For statistical analysis, contingency tables were made and the sensitivity (sens) and negative predictive value (NPV) with accessory 95% confidence intervals (CI) were calculated. The sensitivity of the questionnaire and observation (the number of Br scores ≥−1 that correctly identified OSA) was tested in comparison with the results of the PSG. The negative predictive value (the number of Br scores <−1 that correctly diagnosed the absence of OSA) of the two scores was calculated.
For 52 of the 78 patients (67%) the Brouillette score (Br score 1) was <−1. For 57 of the 78 patients (73%) the observation score (Br score 2) was <−1. Continuous mouth breathing was observed in 23 patients. The X-flow was used in 15 of them, for whom nasal flow registration was insufficient. Eleven PSGs were clinically significant and scored as OSA, based on OAHI.

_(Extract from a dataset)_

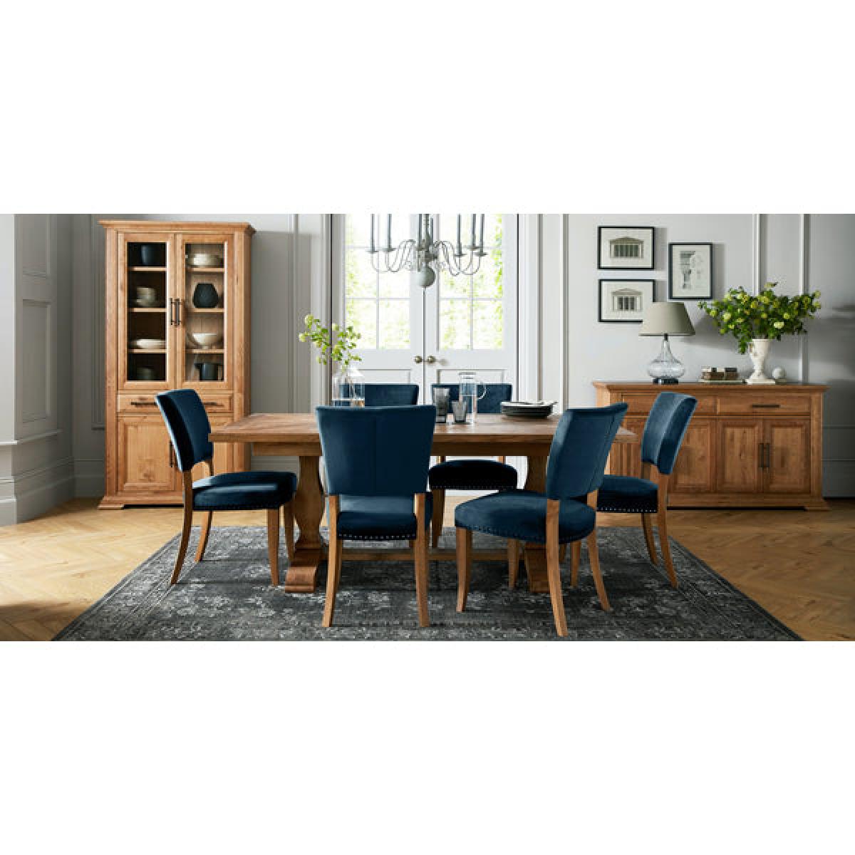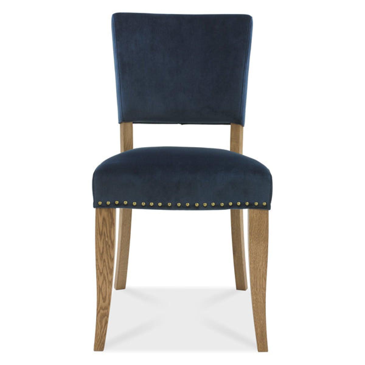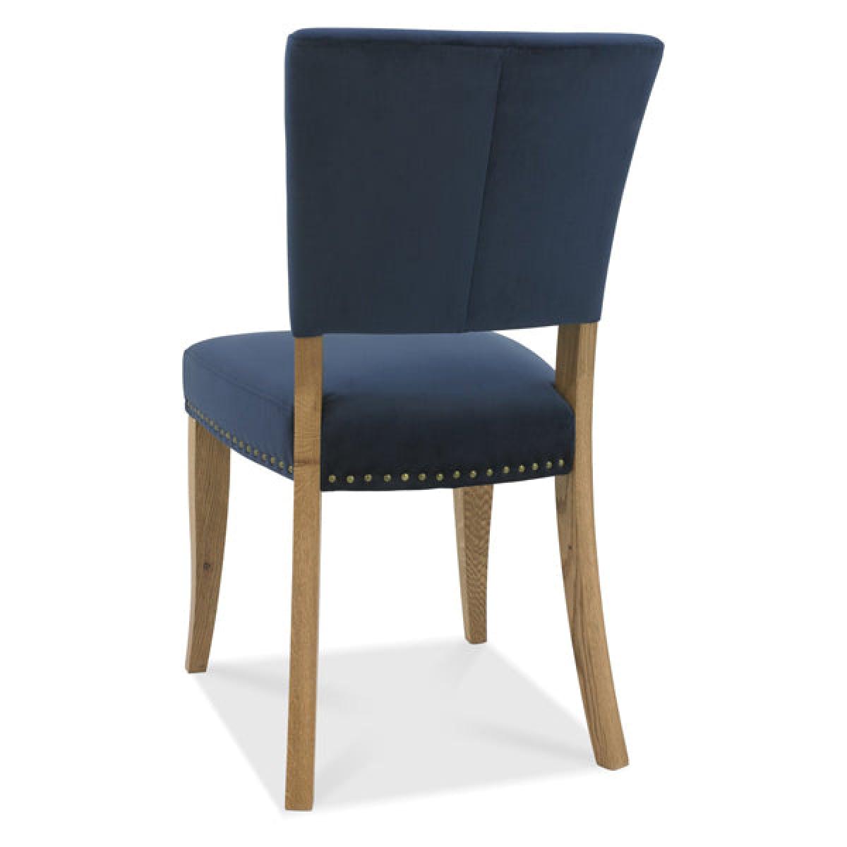 Bentley Indus Rustic Oak Upholstered Velvet Dark Blue Dining Chairs

The predictive results for the presence of clinical significant OSA are shown in Table 1 . The questionnaire had a high negative predictive value of 90% and a sensitivity of 55% when related to PSG. Combining the questionnaire with the parents’ observation gives a slight improvement of predicting OSA (sensitivity 64% and negative predictive value 91%). In 89% of the observations the findings of the parents for the observed 30 min corresponded with those for the matching PSG period.